ProTides of BVdU as potential anticancer agents upon efficient intracellular delivery of their activated metabolites

Author(s)

Kandil, S; Balzarini, J; Rat, S; Brancale, A; Westwell, AD; Mcguigan, C

Year

2016

Is Peer Reviewed?

Yes

Journal

Bioorganic & Medicinal Chemistry Letters
ISSN: 0960-894X
EISSN: 1464-3405

Volume

Issue

Page Numbers

5618-5623

Language

English

PMID

27818111

DOI

10.1016/j.bmcl.2016.10.077

Abstract

Nucleosides represent a major chemotherapeutic class for treating cancer, however their limitations in terms of cellular uptake, nucleoside kinase-mediated activation and catabolism are well-documented.

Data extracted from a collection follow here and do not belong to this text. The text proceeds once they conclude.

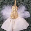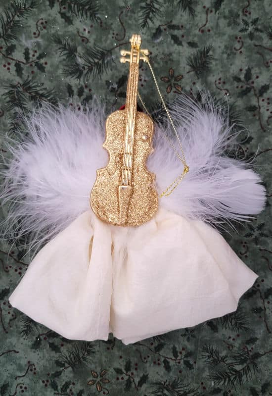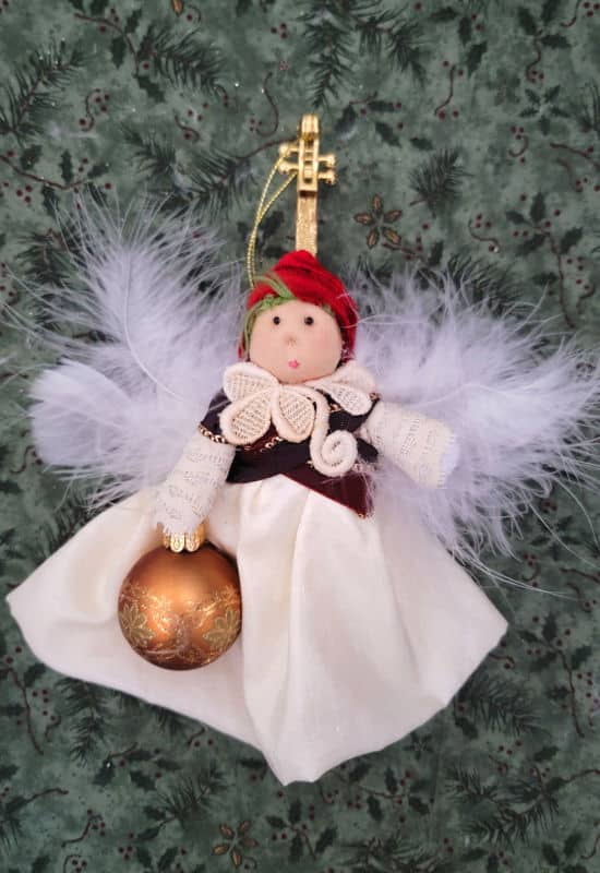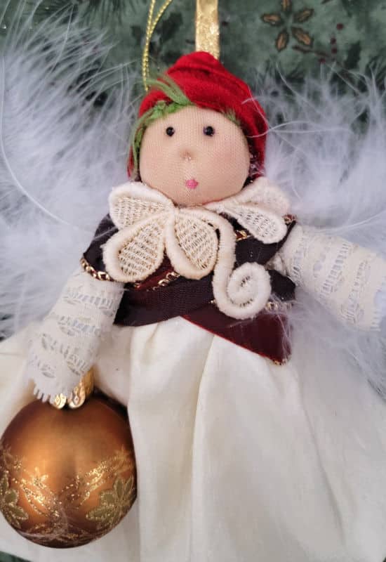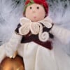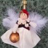 This Little Souls Angel Ornament is 7″ tall. Her skirt is made from light cream silk and is decorated with red velvet ribbon and topped with ivory lace. Her arms are wrapped in ivory lace and her red velvet cap is trimmed in red satin ribbon at the top. White wispy wings are held in place on her back by a glittery gold violin with a gold string attached for hanging.
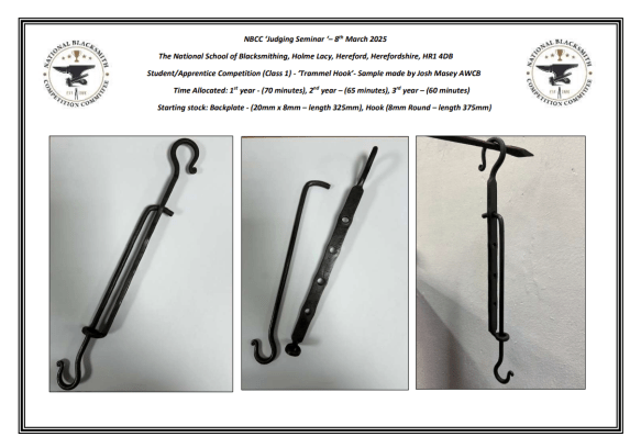 This is the piece (‘Trammel Hook’) that the Students are asked to make either on-site at Hereford on 8th March 2025 (9:00 AM) or at their own College under competition conditions and sent to Hereford for judging on 8th March 2025.
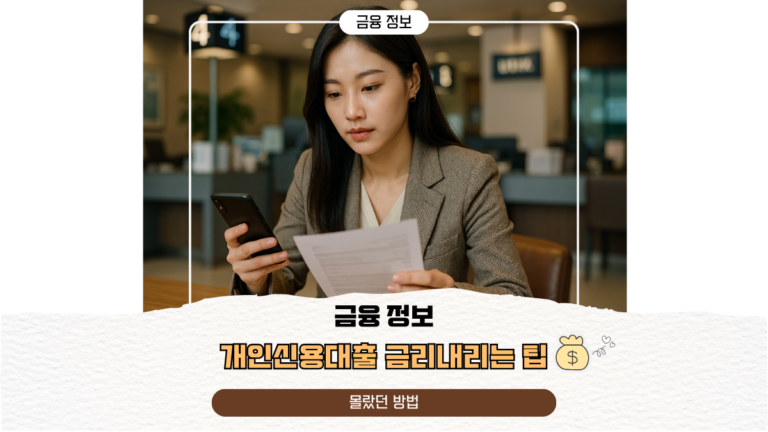 개인신용대출 금리내리는 팁, 몰랐던 방법 2025년 현재, 국내 가계대출 잔액은 약 1,100조 원을 넘어서며 개인의 신용대출 이용률도 계속 증가하고 있다. 특히 물가 상승과 금리 인상 기조 속에서 많은 사람이 대출금리에 민감하게 반응하고 있으며, 같은 조건이라도 금리 차이로 인해 상환 부담이 크게 달라진다. 👉 알아두면 좋은 금융 이야기 👉 알아두면 좋은 금융관련 주요용어 하지만 신용대출을 받을…
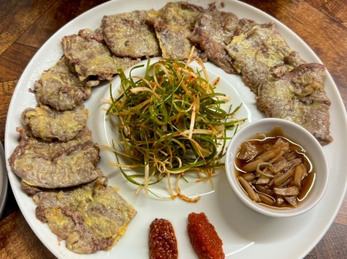 육전은 얇게 썬 소고기를 부침가루와 계란물로 코팅한 후 노릇하게 구운 한국 요리입니다. 맛있는 육전을 만들기 위한 핵심 포인트는 다음과 같습니다:
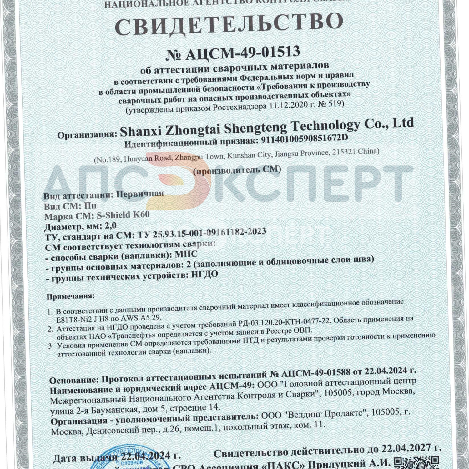 Наша компания провела успешные испытания партии сварочной проволоки S-Shield K-60 и по результатам проверки дополнительные испытания на строительных и монтажных площадках не потребуются, что подтверждает соответствие сварочной проволоки S-Shield K-60 всем необходимым требованиям (п. 6.8 "Программы проведения работ по испытаниям партий сварочных материалов, предназначенных для применения на объектах организаций системы "Транснефть".)
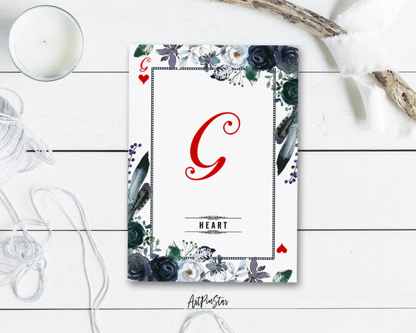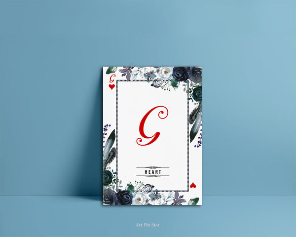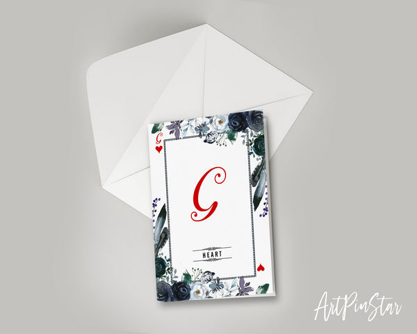 Watercolor Floral Flower Bouquet Initial Letter G Heart Monogram Note Cards
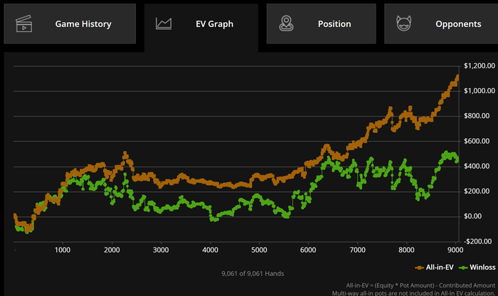 Также, возможно, я нашёл причину неудачных игровых сессий: усталость и отсутствие разминки. Стоило устранить эти факторы — и игра улучшилась. Постараюсь продолжить внедрять рабочую технику для максимизации моей игры в покере. Но есть и другая сложность: если сначала играть в покер, а потом работать, то на работу не хватает энергии. Если наоборот — на покер уже сил мало, и винрейты падают. Работу с низкой энергией можно выполнить, если задачи несложные, а вот с покером этот трюк не проходит. Поэтому буду стараться работать после игровой сессии, если в этот день не намечаются трудные задачи.
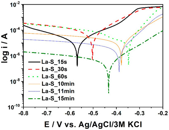 The duration of the phosphating process plays a significant role. Over time, the formation of manganese phosphate crystals increases. This paper investigates the effect that phosphating time has on the formation of the previously mentioned crystals for 14 samples with a time range from 15 s to 900 s, see the sixth stage from Table 2. A total of 14 doubled samples were prepared in the same way depending on the time of immersion in the phosphate bath and were subjected to SEM and XRD tests as well as electrochemical tests. On the surface of a sample submerged for a shorter time (15 s), several phases, including Mn2.5(HPO4)(PO4)(H2O)2, were detected. The observed phases are purely crystallized and hence the obtained XRD pattern is of low quality and no quantitative analysis is possible. The lower pattern presents XRD data for a sample submerged for a longer time (180 s) and shows that the sample is coated by Mn2.5(HPO4)(PO4)(H2O)2 phase with an estimated crystallite size of approximately 50 nm. The samples differed only with the mass of the phosphate coating. For sample La-S_15s to La-S_900s the phosphating bath was made in accordance with Table 2. The polarization curves obtained for the samples immersed for different times in the bath containing phosphate are shown in Figure 2. On the basis of the registered curves, the values of corrosion potential, current density, and corrosion rates were determined and listed in Table 3. Figure 3 presents XRD patterns for two selected samples that were phosphated for various times.
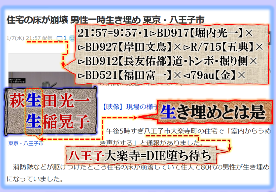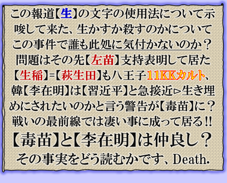 少し考えれば誰にでも理解出来る筈の【暗号化】事件です、何故生き埋めと言う表現を使って来たのか、その背景には【闘い】がある、日韓そして【11KK】カルトとの闘い、その分類で見られて居る【左苗】✖だと言う意味も含められて居る、国民は気付いて居ないのかも知れないが、【統一教会】は解散等して居ない。現政権こそそれだと言う見方を強調して来ただから【生稲:萩生田】コンビを生き埋めにするという構図で事件を仕込んだ、その事が理解出来るかどうかが国民に問われて居るのです。 sy
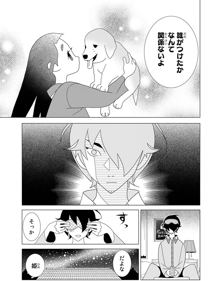 第5巻「全とっかえ役人共」で飼い犬に「ロク」と命名した話で、姫が「いい名前なら 誰がつけたかなんて関係ないよ」と言った際、可久士が泣くシーンがあります。普段の可久士なら「そうだよな」と優しく微笑みそうに思えるのですが、ここで泣いたのは過去に姫の名付けに関して何かしらの出来事があったのではないかと推察されます。
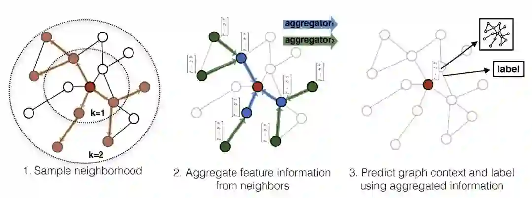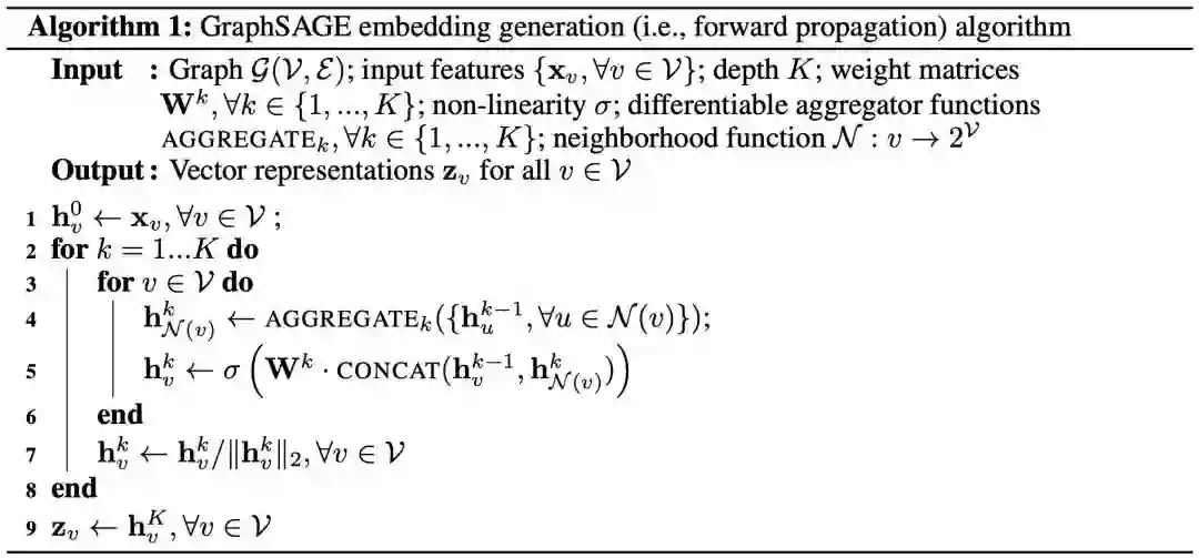 其中K表示每个节点能够聚合的邻居节点的跳数(例如K=2时,每个顶点可以最多根据其2跳邻居节点的信息来表示自身的embedding向量)。算法直观上是在每次迭代中,节点聚合邻居信息。随着不断迭代,节点得到图中来自越来越远的节点信息。
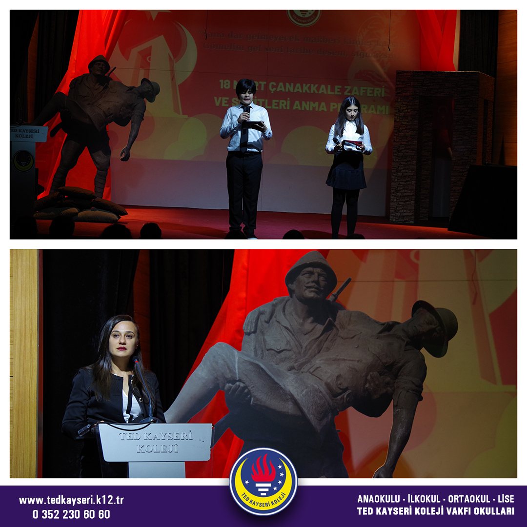 Çanakkale’yi bir zafere götüren ve Cumhuriyeti ilan eden birliktelik, dayanışma ruhu, mücadele bu yüce milletin eseridir. Cumhuriyetimizin Kurucusu Büyük Önder Gazi Mustafa Kemal Atatürk’ün “Çanakkale Zaferi, Türk askerinin ruh kudretini gösteren şayanı hayret ve tebrik bir misaldir. Emin olmalısınız ki, Çanakkale Muharebeleri’ni kazandıran bu yüksek ruhtur.” sözleriyle önemini vurguladığı Çanakkale Zaferi'nin 108. yıl dönümü kapsamında hazırladığımız program okulumuz konferans salonunda okul yöneticileri, öğrenci, öğretmen ve velilerimizin katılımı ile gerçekleştirildi. Çanakkale Zaferi’ni elde ettiğimiz o günlerde milletimizin gösterdiği kahramanlık, cesaret, dayanışma, birlik, fedakârlık ve mücadelenin o gün olduğu gibi tüm zorlu günlerde ortaya çıktığını gördüğümüz bugünlerde de tarihimize altın harflerle yazdığımız ve vatan toprağını korumak için yüz binlerce vatan evladını şehit verdiğimiz Çanakkale Destanı’nın 108. yıl dönümünü kutlarken Ulu Önder Mustafa Kemal Atatürk ve şehitlerimizi saygı, sevgi ve rahmetle anıyoruz.
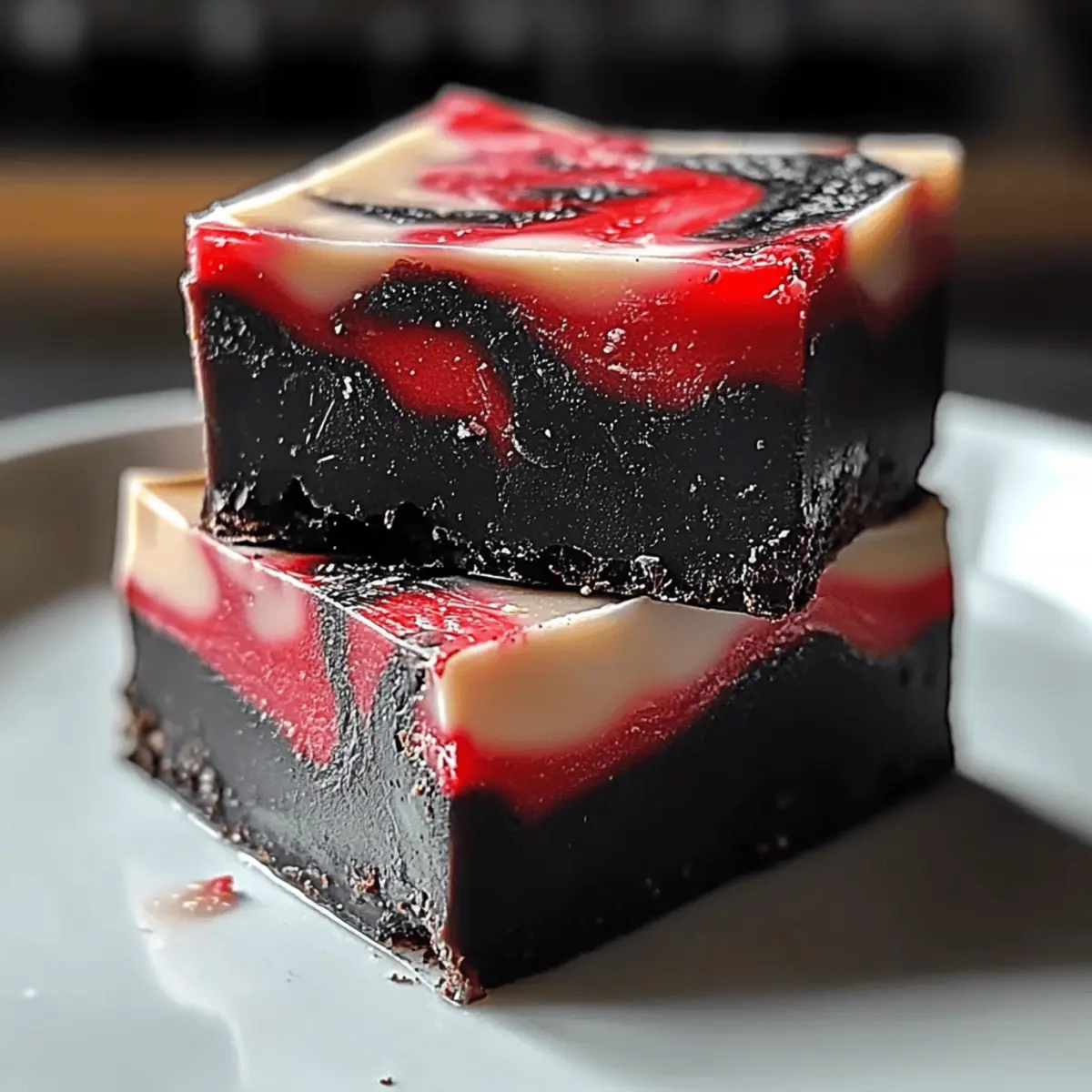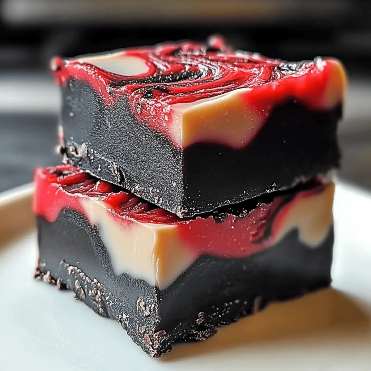 As the days grow shorter and the air gets crisp, I’m reminded of the enchanting magic of Halloween treats. Nothing is quite as captivating as my Ghoulishly Good Vampire Fudge, a no-bake delight that combines a creamy texture and a striking swirl of black and red. This spooky creation not only comes together in no time but also doubles as a showstopper for your haunted gatherings, guaranteed to delight kids and adults alike! Plus, with its gluten-free and vegetarian-friendly nature, you can indulge without any worry. Are you ready to turn your kitchen into a cauldron of chocolatey goodness? Let’s get started! Why is Vampire Fudge a Halloween Must-Have? Ghoulishly Good Vampire Fudge is not just a treat; it’s a showstopper that steals the spotlight at any Halloween gathering! No-Bake Convenience means you can whip this up quickly, perfect for those last-minute parties. Endless Variations let your creativity shine—try different color combinations or toppings to match your Halloween theme. Crowd-Pleasing Flavor ensures every bite is a delightful blend of creamy sweetness, captivating all ages. Plus, it’s Gluten-Free and Vegetarian, so everyone can enjoy this spooky indulgence without guilt! Ghoulishly Good Vampire Fudge Ingredients For the Fudge Cream Cheese Frosting – Provides a creamy texture and sweetness; can be swapped with thick vanilla or buttercream frosting if desired. Black Candy Melts – Essential for that haunting dark hue; always choose fresh, smooth melts for the best results. Red Candy Melts – Adds a vibrant color contrast; make sure they are smooth to achieve a uniform mix. For the Toppings Crushed Nuts – Adds a delightful crunch; feel free to mix with cookie crumbles for extra texture! Halloween Sprinkles – Perfect for a festive touch; sprinkle these on top to amp up the spooky vibes! Salted Caramel or Melted Chocolate – Drizzling enhances richness; a savory-sweet balance your guests will adore. Now, gather your ingredients, roll up your sleeves, and prepare to create this Ghoulishly Good Vampire Fudge that’s sure to impress at your Halloween gathering! Step‑by‑Step Instructions for Ghoulishly Good Vampire Fudge Step 1: Prepare Your Pan Lightly grease an 8″ x 8″ cake pan to prevent sticking, then line it with parchment paper in a cross shape, allowing some overhang for easy removal. This setup will help you easily lift out the finished Ghoulishly Good Vampire Fudge once it’s set, ensuring perfect squares every time. Step 2: Melt the Black Candy Melts In a microwave-safe bowl, combine the black candy melts and microwave on high for 2 minutes, stirring every 30 seconds until smooth. You’ll know they’re ready when the mixture is glossy and fully melted, creating that ominous color perfect for our fudge. Set aside once melted. Step 3: Melt the Red Candy Melts Repeat the melting process for the red candy melts in a separate bowl, using the same timing and stirring approach. Again, look for a silky and uniform texture; this vibrant hue will add a delightful pop of color to your Ghoulishly Good Vampire Fudge once layered in the pan. Step 4: Warm the Cream Cheese Frosting Microwave the cream cheese frosting for about 45 seconds, just enough to soften it and make mixing easier. As it warms, you’ll achieve a smooth consistency, which will blend beautifully with the melted candy, providing the creamy base for this decadent treat. Step 5: Combine Frosting with Candy Melts Divide the warmed cream cheese frosting evenly between the bowls containing the black and red melted candy melts. Stir each bowl thoroughly until fully blended, making sure there are no streaks left. This step creates a luscious base for your Ghoulishly Good Vampire Fudge with contrasting colors! Step 6: Layer the Mixtures into the Pan Carefully pour alternating layers of the black and red mixtures into the prepared pan, allowing the layers to slightly overlap. This method will create a stunning marbled effect that resembles ghoulish swirls. Use a spatula to ensure the mixtures spread evenly and smoothly. Step 7: Tap and Chill Once you’ve poured in all the mixtures, gently tap the pan on the counter to release any air bubbles and even out the surface. Refrigerate the Ghoulishly Good Vampire Fudge for at least 4 hours, allowing it to set firmly. Patience here is key for perfect structure! Step 8: Cut and Serve Once fully set, lift the fudge out of the pan using the parchment overhang. Place it on a cutting board and slice into squares or preferred shapes. This colorful treat is now ready to be served, bringing seasonal delight to your Halloween gathering! Expert Tips for Ghoulishly Good Vampire Fudge • Chill Time: Don’t rush the chilling process; it’s crucial to set for at least 4 hours to achieve that perfect fudge texture. • Candy Quality: Opt for candy melts free of dark spots to ensure they melt smoothly for your Ghoulishly Good Vampire Fudge. • Stirring Technique: When melting candy melts in the microwave, stir every 30 seconds to prevent burning and achieve a glossy finish. • Layering: For a dramatic marbled effect, pour the mixtures slowly and let them lightly overlap rather than mixing too vigorously. • Creative Variations: Feel free to swap the colors and toppings, exploring fun alternatives for a unique spin on your Halloween treat! Ghoulishly Good Vampire Fudge Variations Get ready to unleash your creativity as you explore delightful twists for this delectable treat! Color Swap: Swap black and red candy melts for purple and green for a whimsical witch-themed vibe. Crunchy Addition: Sprinkle in crushed nuts or cookie crumbles for a satisfying texture that keeps things interesting in every bite. Sprinkle Magic: Top with Halloween-themed sprinkles. These festive decorations add a fun flair that’ll attract both kiddos and adults alike. Drizzle Delight: Enhance richness by drizzling salted caramel or melted chocolate over the set fudge—an indulgent upgrade

The monophosphate pro-nucleotides known as ProTides represents a powerful strategy for bypassing the dependence on active transport and nucleoside kinase-mediated activation. Herein, we report the structural tuning of BVdU ProTides. Forty six phosphoramidates were prepared and biologically evaluated against three different cancer cell lines; murine leukemia (L1210), human CD4(+) T-lymphocyte (CEM) and human cervical carcinoma (HeLa). Twenty-fold potency enhancement compared to BVdU was achieved against L1210 cells. Interestingly, a number of ProTides showed low micromolar activity against CEM and HeLa cells compared to the inactive parent BVdU. The ProTides showed poor, if any measurable toxicity to non-tumourigenic human lung fibroblast cell cultures. Separation of four pairs of the diastereoisomeric mixtures and comparison of their spectral properties, biological activities and enzymatic activation rate is reported.